Records from a data collection:
· · · · · · ·

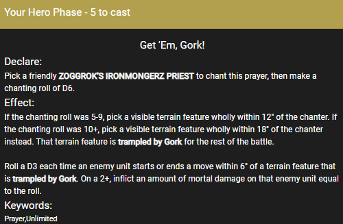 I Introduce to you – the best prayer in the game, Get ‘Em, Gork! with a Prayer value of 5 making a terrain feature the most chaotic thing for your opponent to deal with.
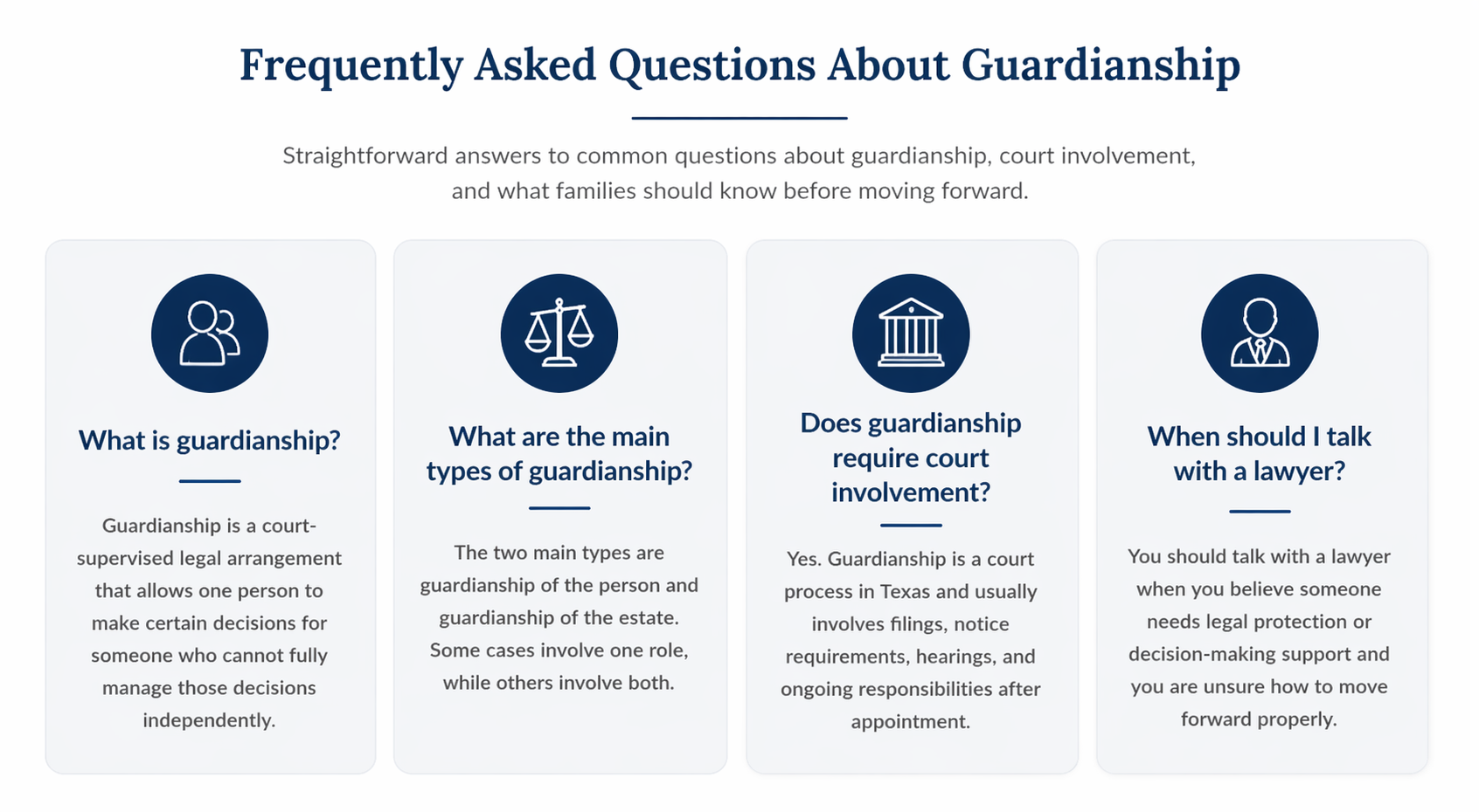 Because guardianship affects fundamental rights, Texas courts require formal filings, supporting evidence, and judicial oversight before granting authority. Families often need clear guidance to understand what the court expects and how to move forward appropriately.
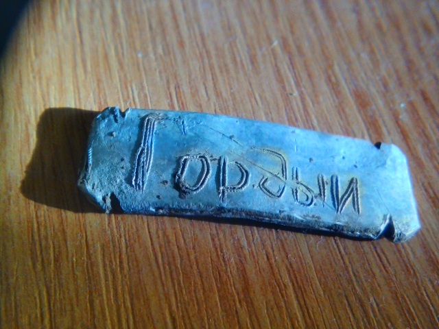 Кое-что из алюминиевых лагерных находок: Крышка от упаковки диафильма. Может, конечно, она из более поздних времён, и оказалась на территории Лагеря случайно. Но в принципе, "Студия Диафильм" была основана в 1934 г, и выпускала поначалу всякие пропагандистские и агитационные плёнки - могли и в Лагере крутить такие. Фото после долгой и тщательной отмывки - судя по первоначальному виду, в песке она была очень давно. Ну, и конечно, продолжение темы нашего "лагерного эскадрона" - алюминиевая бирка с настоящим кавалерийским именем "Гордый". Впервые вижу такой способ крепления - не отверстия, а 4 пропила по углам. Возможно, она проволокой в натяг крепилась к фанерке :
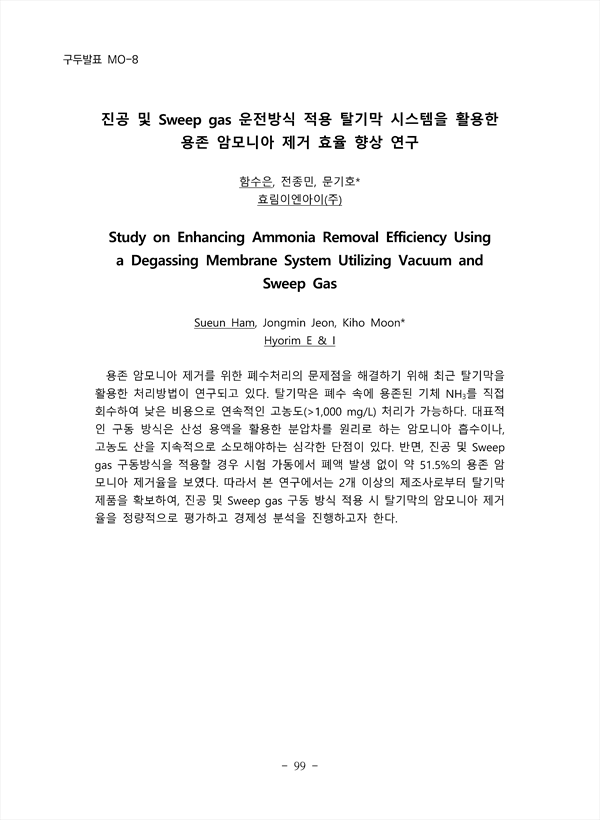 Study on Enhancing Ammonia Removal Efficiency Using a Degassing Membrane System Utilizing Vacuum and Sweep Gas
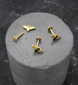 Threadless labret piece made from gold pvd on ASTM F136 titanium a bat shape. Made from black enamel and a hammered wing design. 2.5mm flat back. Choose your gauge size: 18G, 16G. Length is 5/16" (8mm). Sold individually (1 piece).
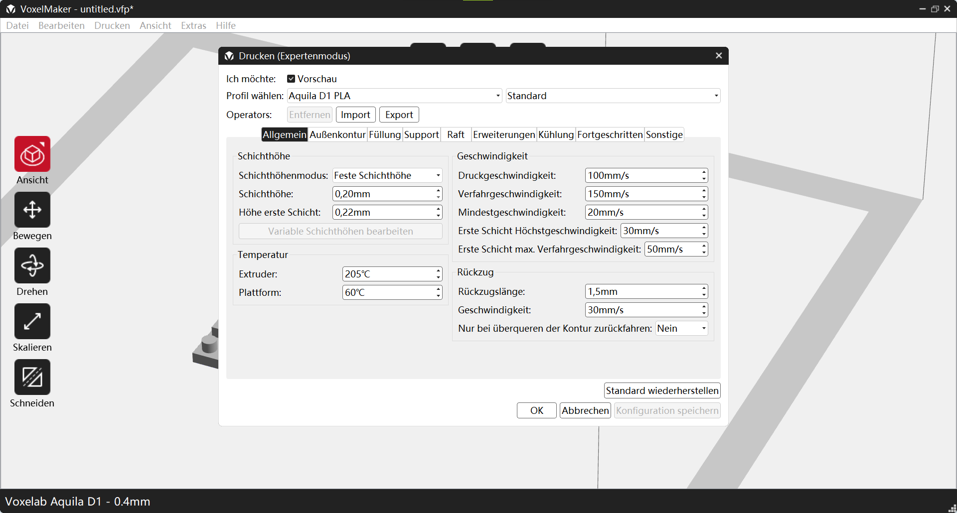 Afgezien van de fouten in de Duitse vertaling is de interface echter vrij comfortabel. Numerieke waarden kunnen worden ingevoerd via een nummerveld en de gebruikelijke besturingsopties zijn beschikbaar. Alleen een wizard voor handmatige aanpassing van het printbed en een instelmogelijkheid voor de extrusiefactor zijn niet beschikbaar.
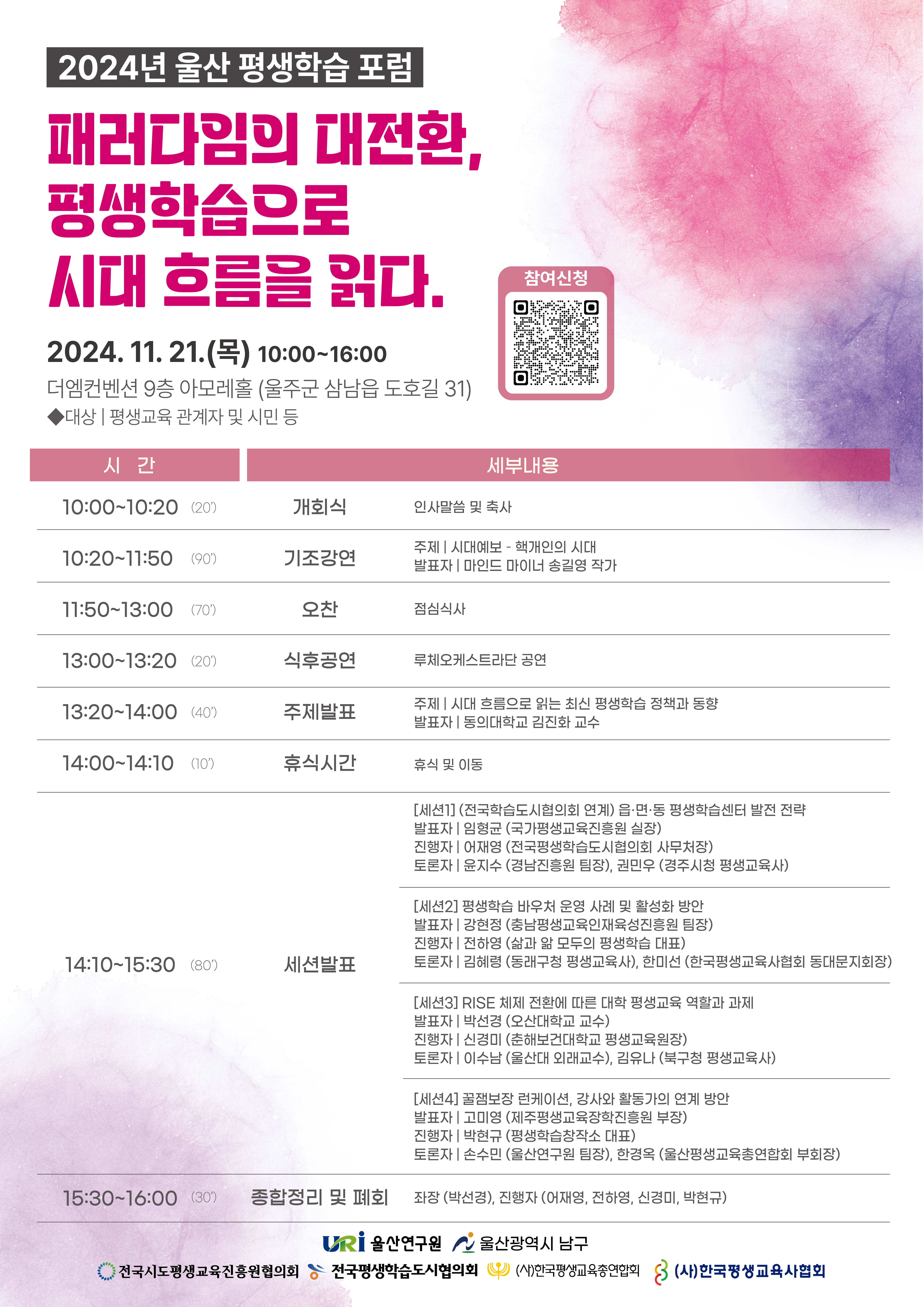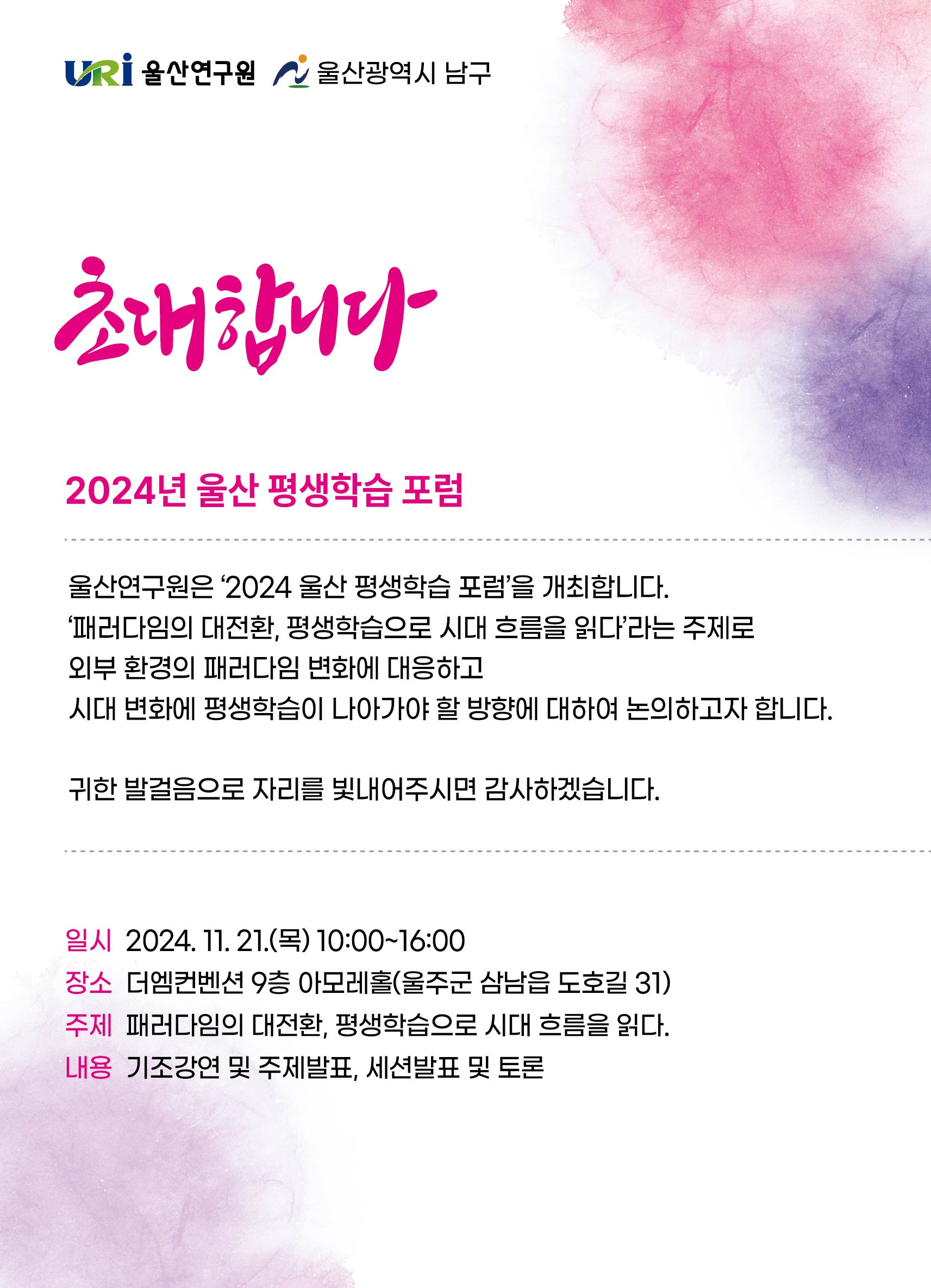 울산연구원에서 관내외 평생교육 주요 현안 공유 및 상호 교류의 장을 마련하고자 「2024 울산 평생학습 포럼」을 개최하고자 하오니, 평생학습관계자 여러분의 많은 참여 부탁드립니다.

· · · · · · ·

Exercise prompt: Pictures aside, return exactly the lines from the data above, starting at the line that has "Because guardianship affects" and ending at the line that has "Study on Enhancing", both included.

Answer to the problem:
 Because guardianship affects fundamental rights, Texas courts require formal filings, supporting evidence, and judicial oversight before granting authority. Families often need clear guidance to understand what the court expects and how to move forward appropriately.
 Кое-что из алюминиевых лагерных находок: Крышка от упаковки диафильма. Может, конечно, она из более поздних времён, и оказалась на территории Лагеря случайно. Но в принципе, "Студия Диафильм" была основана в 1934 г, и выпускала поначалу всякие пропагандистские и агитационные плёнки - могли и в Лагере крутить такие. Фото после долгой и тщательной отмывки - судя по первоначальному виду, в песке она была очень давно. Ну, и конечно, продолжение темы нашего "лагерного эскадрона" - алюминиевая бирка с настоящим кавалерийским именем "Гордый". Впервые вижу такой способ крепления - не отверстия, а 4 пропила по углам. Возможно, она проволокой в натяг крепилась к фанерке :
 Study on Enhancing Ammonia Removal Efficiency Using a Degassing Membrane System Utilizing Vacuum and Sweep Gas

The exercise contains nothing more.